“Vernon, sometimes I wonder if all our earthly problems and sorrows are really anything more than mirages,” said Mr. Gilroy, as the wagon bumped over a rut and brought him to a sense of where they were at the moment.
Mr. Vernon laughed. “At least that rut was not a mirage, eh, Joan?”
The sun rose higher, its rays seeming to start mirages in the lilac-tinted haze which enveloped the plains and peaks. Quite often, now, one or another in the party would call out to draw attention to a beautiful lake engirdled by pine groves; to a valley where the flocks or herds pastured; to a barren mountain where the erosions gave view to dark masses of rock and waste. Then, in a flash, all this would vanish, and again the two wagons would be squeaking and rattling up the trail to Acoma.

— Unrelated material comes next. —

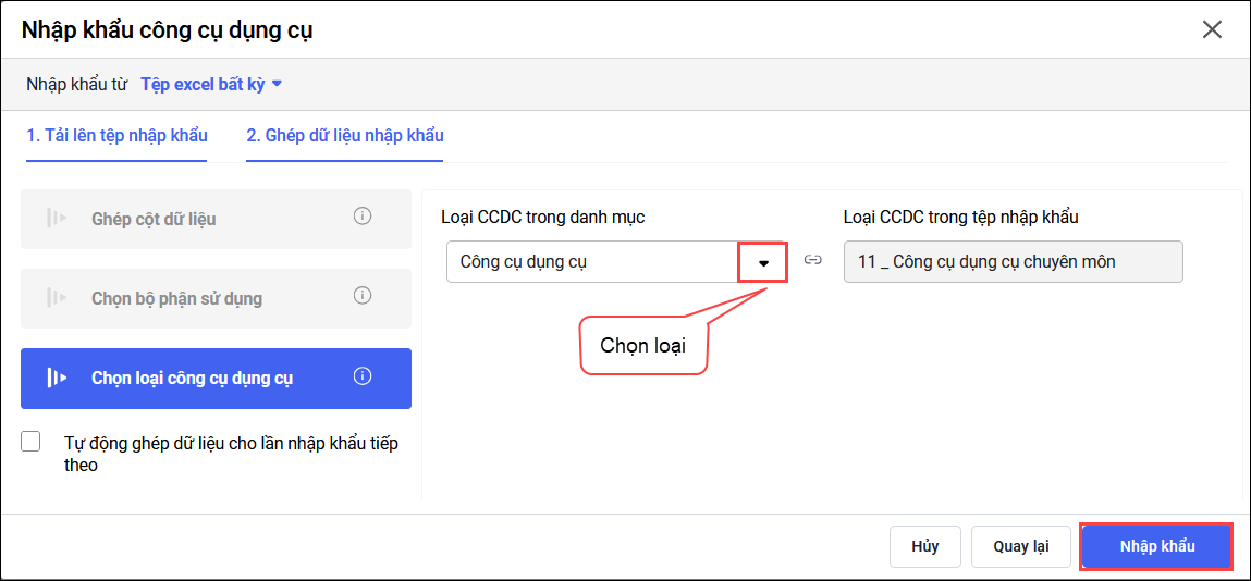 2.3: Tại phần Chọn loại công cụ dụng cụ, phần mềm tự động ghép loại CCDC được khai báo trên tệp nhập khẩu tương ứng với loại CCDC trong danh mục. Có thể chỉnh sửa nếu muốn.
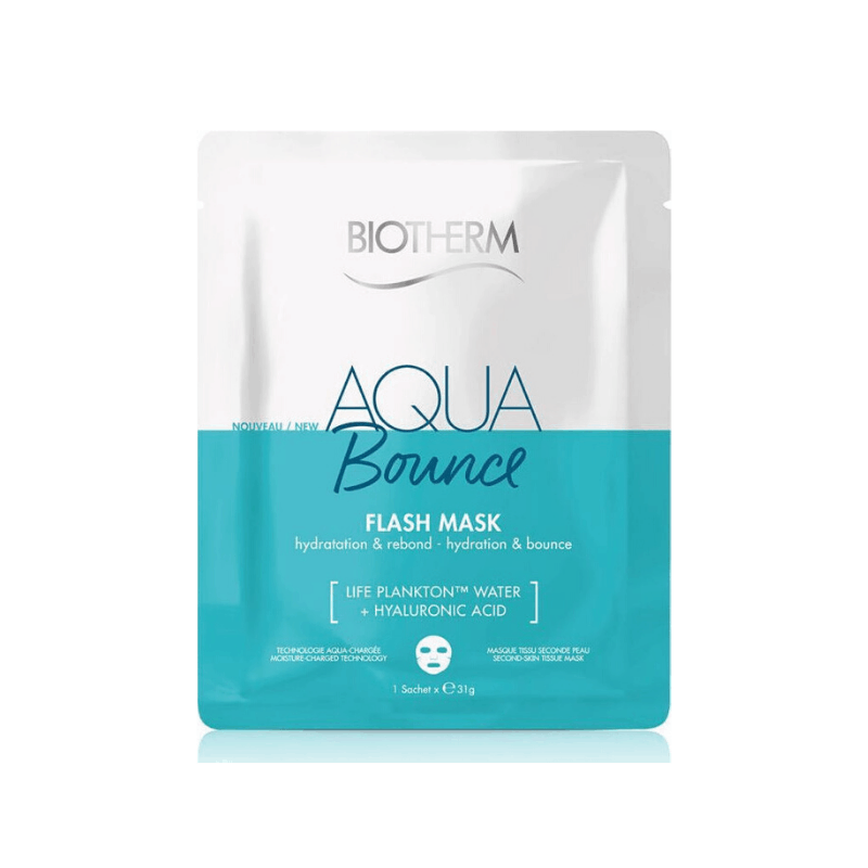 Η Aqua Bounce Flash Mask είναι μια ενυδατική υφασμάτινη μάσκα προσώπου που προσφέρει στην επιδερμίδα βαθιά ενυδάτωση, χάρη στον ισχυρό συνδυασμό υαλουρονικού οξέος και προβιοτικού νερού Life Plankton, για επιδερμίδα πιο ελαστική με μία εφαρμογή. Μια μάσκα είναι αρκετή για βαθιά ανανεωμένη, απαλή και εξαιρετικά δροσερή επιδερμίδα. Με την υπογραφή της Biotherm

“No wonder it is called the Enchanted Mesa!” cried Julie. “The whole land here is bewitched.”
“Julie, why don’t you get a picture of one of these mirages?” asked Amy Ward, to whom the west was an unexplored land of possibilities—even its mirages might turn out to be genuine places!
“How can you photograph air and light?” laughed Julie, from her vast experiences of the past season in the Rockies.
“It’s a shame that one can’t get it on a plate,” added Judith.
“It is served on a plate,” remarked Mr. Burt, jokingly. “On the sensitive plate of the vision, and that prints it permanently on our memories.”
The scouts saw the ancient pueblo of Acoma perched up on its towering wall of over four hundred feet in height, long before they actually had arrived. As they came nearer, the tourists saw tiny windows, like the row of portholes on a vessel, lining the top of the rock. Still nearer, the girls could see, here and there, heads sticking out of these windows. The teams were a curiosity to the natives.
The drivers halted their horses and the scouts jumped down, glad to stretch their limbs.